The crash recovery usually takes less than a minute. Should it take much
longer, consult the log to find out what is going on. With increasing number of
time series in the storage (archived or not), the re-indexing tends to dominate
the recovery time and can take tens of minutes in extreme cases.
## Data corruption
If you suspect problems caused by corruption in the database, you can
enforce a crash recovery by starting the server with the flag
`storage.local.dirty`.
If that does not help, or if you simply want to erase the existing
database, you can easily start fresh by deleting the contents of the
storage directory:
1. Stop Prometheus.
1. `rm -r <storage path>/*`
1. Start Prometheus.
## Helpful metrics
Out of the metrics that Prometheus exposes about itself, the following are
particularly useful to tweak flags and find out about the required
resources. They also help to create alerts to find out in time if a Prometheus
server has problems or is out of capacity.
* `prometheus_local_storage_memory_series`: The current number of series held
in memory.
* `prometheus_local_storage_open_head_chunks`: The number of open head chunks.
* `prometheus_local_storage_chunks_to_persist`: The number of memory chunks
that still need to be persisted to disk.
* `prometheus_local_storage_memory_chunks`: The current number of chunks held
in memory. If you substract the previous two, you get the number of persisted
chunks (which are evictable if not currently in use by a query).
* `prometheus_local_storage_series_chunks_persisted`: A histogram of the number
of chunks persisted per batch.
* `prometheus_local_storage_persistence_urgency_score`: The urgency score as
discussed [above](#persistence-urgency-and-rushed-mode).
* `prometheus_local_storage_rushed_mode` is 1 if Prometheus is in “rushed
mode”, 0 otherwise.
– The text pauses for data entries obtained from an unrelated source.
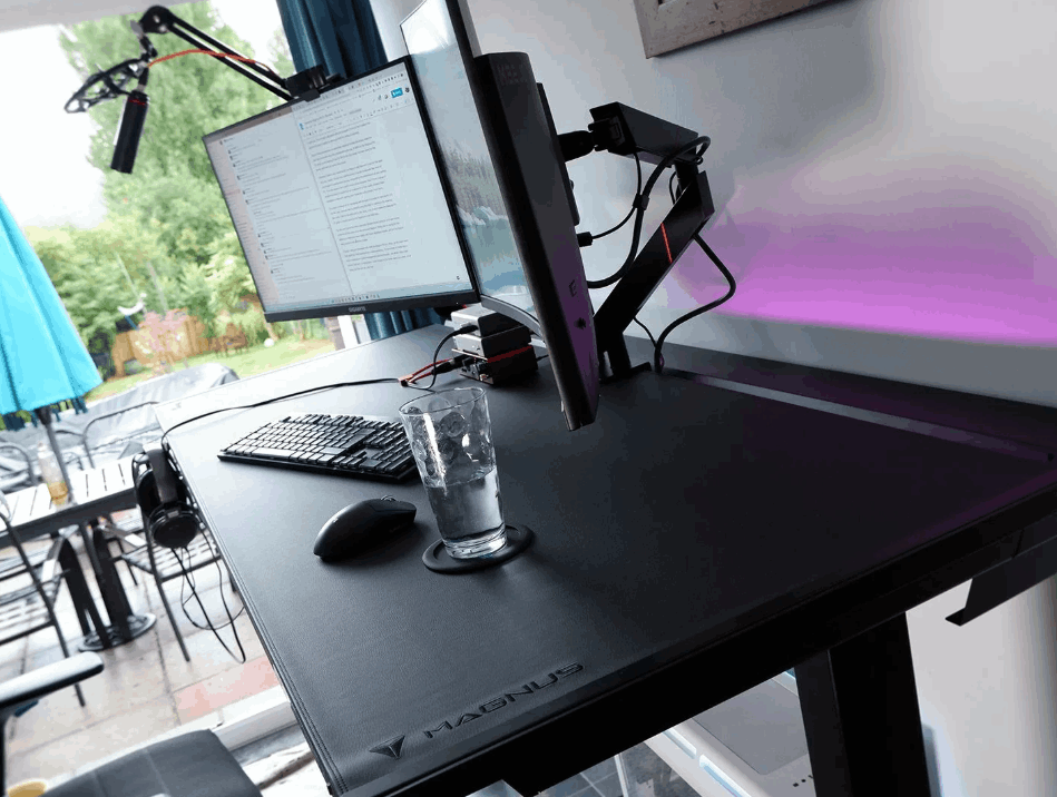Electric height‑adjustable streaming table that lets you switch between sitting and standing without disrupting your streamer setup. Memory presets store ideal positions for gaming, editing, and office tasks at the same workstation. Heavy‑duty legs keep the streaming table rock‑solid, giving full‑time creators a healthier way to manage long hours at their streamer setup.
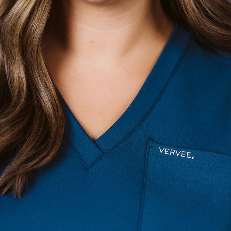 Our premium fabric is thicker than most scrubs—blending 80% polyester and 20% spandex for max stretch, structure, and all-day comfort. Plus, it’s got a subtle glow in the right light.
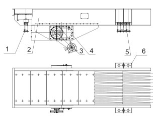 1.后彈簧支架 2.機架 3.電機 4.振動器 5.彈簧 6.前彈簧支架
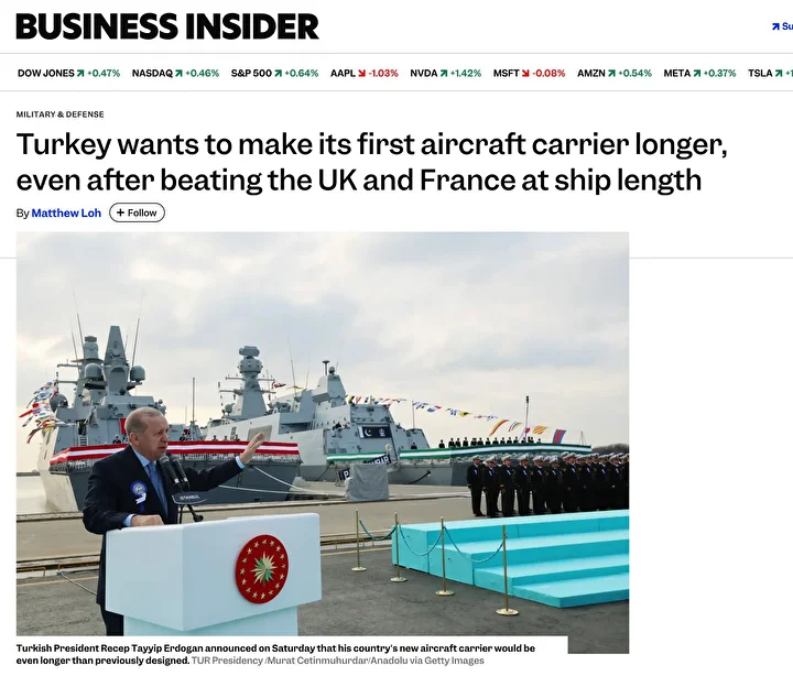 Cumhurbaşkanı Recep Tayyip Erdoğan’ın, yapımı süren uçak gemisinin 300 metre uzunluğa çıkarılacağını açıklamasını hatırlatan Business Insider, bu adımın Türkiye’yi İngiltere ve Fransa’nın önüne geçirdiğini yazdı.
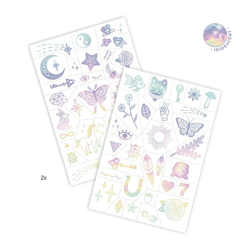 A collection of dermatologically tested tattoos with an iridescent finish. Features pretty and mystical designs.
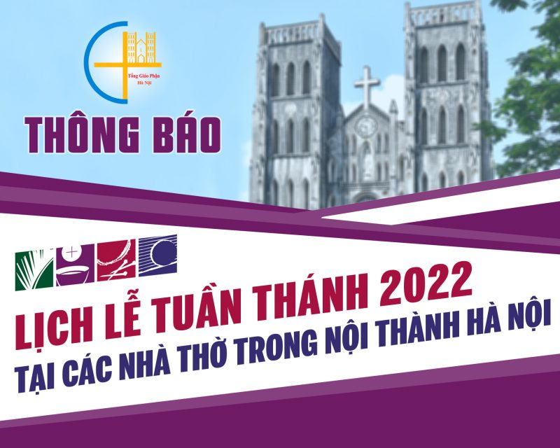 LỊCH LỄ TUẦN THÁNH 2022 TẠI CÁC NHÀ THỜ TRONG NỘI THÀNH HÀ NỘI Quận Hoàn Kiếm (Nhà thờ Chính Tòa; Nhà thờ Hàm Long; Nhà thờ Trung Trí) Quận Ba Đình (Nhà thờ Cửa Bắc) Quận Hai Bà Trưng (Nhà thờ Tân Lạc) Quận Đống Đa (Nhà thờ Thái Hà, Hàng Bột) Quận Tây Hồ (Nhà thờ Thượng Thụy,......
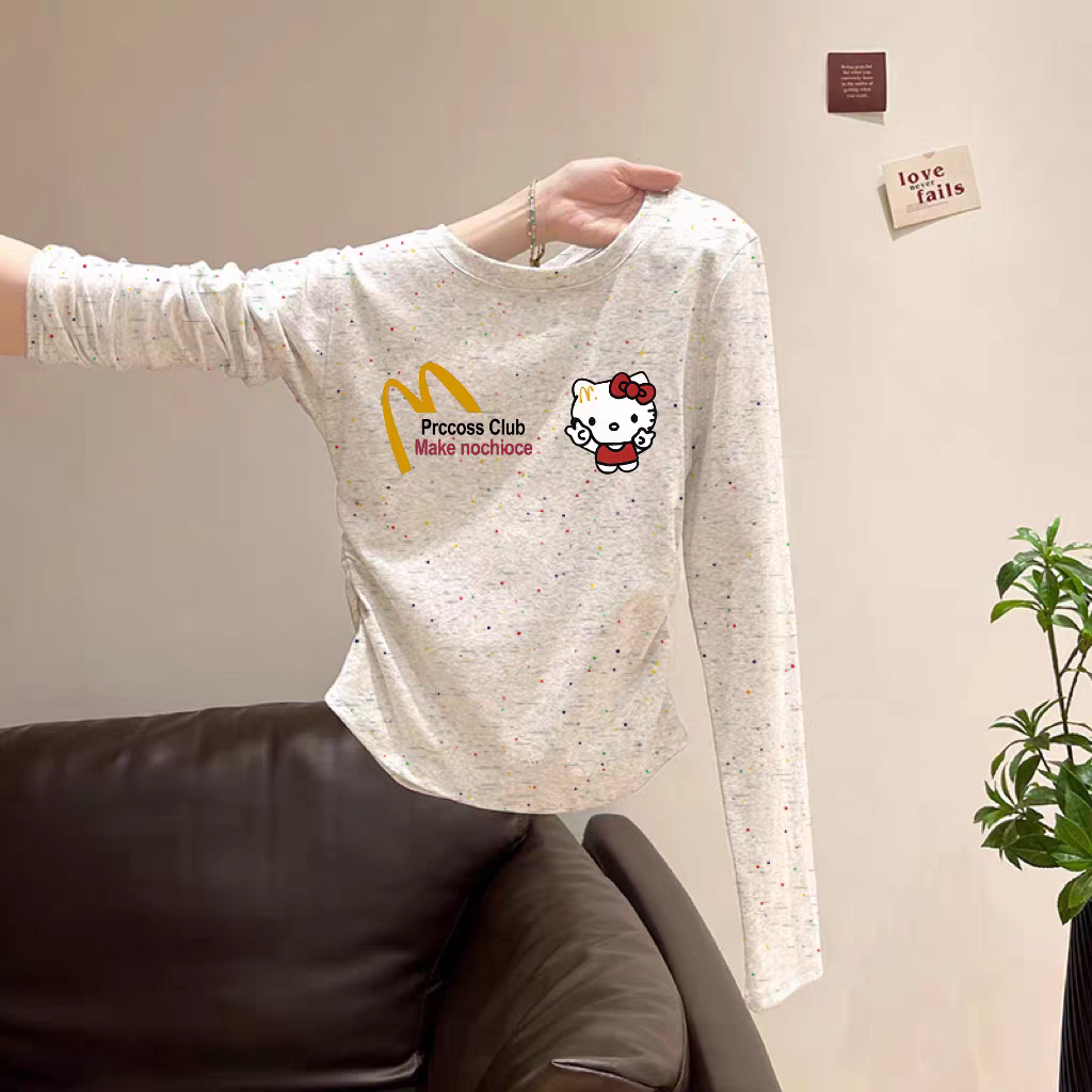 女童长袖彩点卡通印花T恤2026新款夏季上衣中大童洋气百搭打底衫
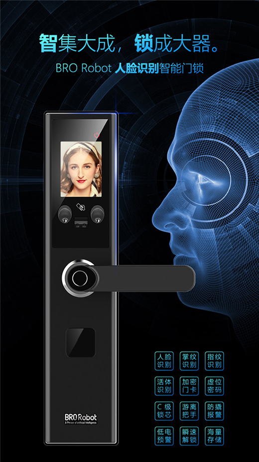 在開鎖模塊上,BRO Robot人臉識別智能門鎖除了具有常規智能門鎖的指紋解鎖、密碼解鎖、鑰匙解鎖、IC卡解鎖的基礎上增加了人臉識別解鎖和掌靜脈識別解鎖的開門方式,指紋、掌靜脈、人臉識別都具有活體檢測功能,安全系數更高。
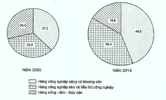 Cho biểu đồ sau: CƠ CẤU GIÁ TRỊ XUẤT KHẨU THEO NHÓM HÀNG, NĂM 2000 VÀ 2014 (%). (Nguồn số
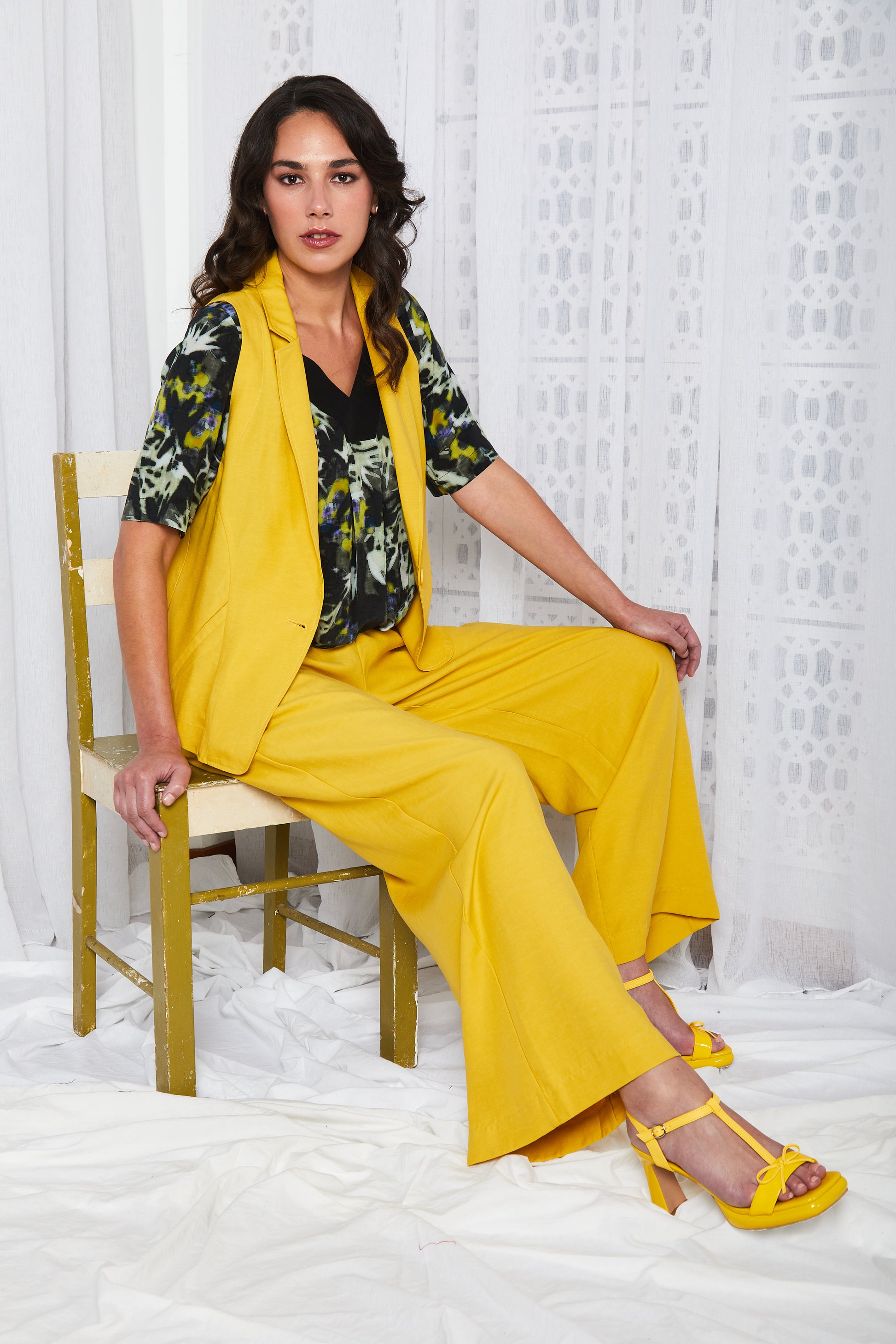 This piece brings sharp lines with thoughtful polished detail, an elevated layer that balances ease and edge, pairs beautifully with the Soprano Pleat Palazzo for a modern take on soft suiting.

Can be used to calculate the percentage of time
Prometheus is in rushed mode.
* `prometheus_local_storage_checkpoint_last_duration_seconds`: How long the
last checkpoint took.
* `prometheus_local_storage_checkpoint_last_size_bytes`: Size of the last
checkpoint in bytes.
* `prometheus_local_storage_checkpointing` is 1 while Prometheus is
checkpointing, 0 otherwise. Can be used to calculate the percentage of time
Prometheus is checkpointing.
* `prometheus_local_storage_inconsistencies_total`: Counter for storage
inconsistencies found. If this is greater than 0, restart the server for
recovery.
* `prometheus_local_storage_persist_errors_total`: Counter for persist errors.
* `prometheus_local_storage_memory_dirty_series`: Current number of dirty series.
* `process_resident_memory_bytes`: Broadly speaking the physical memory
occupied by the Prometheus process.
* `go_memstats_alloc_bytes`: Go heap size (allocated objects in use plus allocated
objects not in use anymore but not yet garbage-collected).